Cheap Creativity- Getcha Some

19 Jan

No matter what the economy looks like from where you stand, we are always happy to save a few hard-earned dollars. 

photo from: fabandfru.com

If you have children you are always looking for ways you can easily and inexpensively educate and entertain them.  In this blog I want to suggest a few ideas that I found while surfing around and too from recalling my past childhood experiences.  You may consider using them to spark creativity and keep the little ones busy at the same time.

I have seen cardboard playhouses like the one pictured for upwards of $80.00.  Maybe you can find one for less but, the point is that you can replicate this for almost nothing and surely not pay the same price if you are wanting to save money.  A great idea can be to watch the neighborhood on recycle day for large discarded boxes and ask if they can be up-cycled for your project.  Also, a purchase at a shipping/moving store will provide the larger boxes at a fraction of the cost of the original designed cardboard home.  Children will certainly wear and tear on this item and so it would be worth it not to have to spend the higher amount for something that can and will be destroyed at some point. 

Alternatives to saving on boxes and still creating a fort of sorts is a suggestion that I recall doing as a child.  Now-a-days we do not see full length clothes lines in back yards but, when we had one more often than not a few sheets were flung over the wires and made into an instant tent to plan under.  Gone are not the days however, that one can create a tent inside the house by merely draping sheets over furniture and anchor the ends with chair cushions and pillows.  Bring in the comforts of home like a sleeping bag, snacks and a few toys and bam…instant happiness for a while.  And that is FREE!

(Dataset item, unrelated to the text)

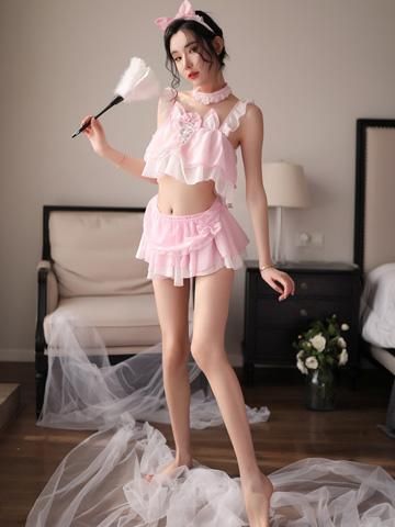 可愛い猫ちゃんが甘く癒してくれる猫耳メイド服風コスプレ(COSPLAY)。柔らかなシフォン素材をレイヤードさせてさらにふんわり感を出した愛らしいセットアップは、トップスの胸元には猫耳が付きスカートのエプロンにはキュートなリボンと可愛さを集めた無敵の色気のある可愛いデザインです。ネコ耳やチョーカーなど付属品もとにかく可愛らしさにこだわったアイテムで、こんなキュートなメイドさんにご奉仕されたらパートナーもメロメロになること間違いナシ♪

I also used to make my own paper dolls.  I cut out a cardboard figure (doll),  designed the clothing and accessories and colored it as well.  I made sure to include the “tabs” which were cut around to be used to fold over the figure as to keep the clothing it in tact upon the figure.  I don’t think there are paper dolls in our stores anymore.  So, wow…you could be the one that seemingly invents it all over again since it is not a common activity.

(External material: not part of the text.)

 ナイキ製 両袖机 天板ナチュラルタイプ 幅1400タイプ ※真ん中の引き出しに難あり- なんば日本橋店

Since I am on a roll with recalling childhood creative activities…I also thought of a game that my mother’s aunt played with us.  We called it  “Button, Button, Who’s Got the Button”.  Basicly, it is a hide and seek game with a button.  Everyone playing would cover their eyes  except the one person who would hide the button  They were the one also informing the others if they were “cold” (nowhere near the button location), “warm” (closer to the location of the button), “hot” and “burning hot” when you were very near finding the button.  Once the button was found, that person was the one who was allowed to hide the button for the others, and the game continued.

Collect various empty boxes from your kitchen use for a month or so to gain a great collection of grocery store items to be used as purchase at a make-believe store.  I remember making my own monies  (bills and coins) to also be used as exchange.  Make sure to save those paper bags for your little ones to fill from their imaginary shopping sprees.

Create a obstcyle course, have a dance competition, hold an olympic ceremony, set-up a mini school, make your own pages for a cookbook/colorbook,  line the bottom half of a hallway wall (chair rail height) and allow your artist to create on that paper.  I would do this and say: “Paper Only” as the directions to draw only on the paper not on the walls.  It worked with my kids they listened very well.   Cultivate Your Young Artist.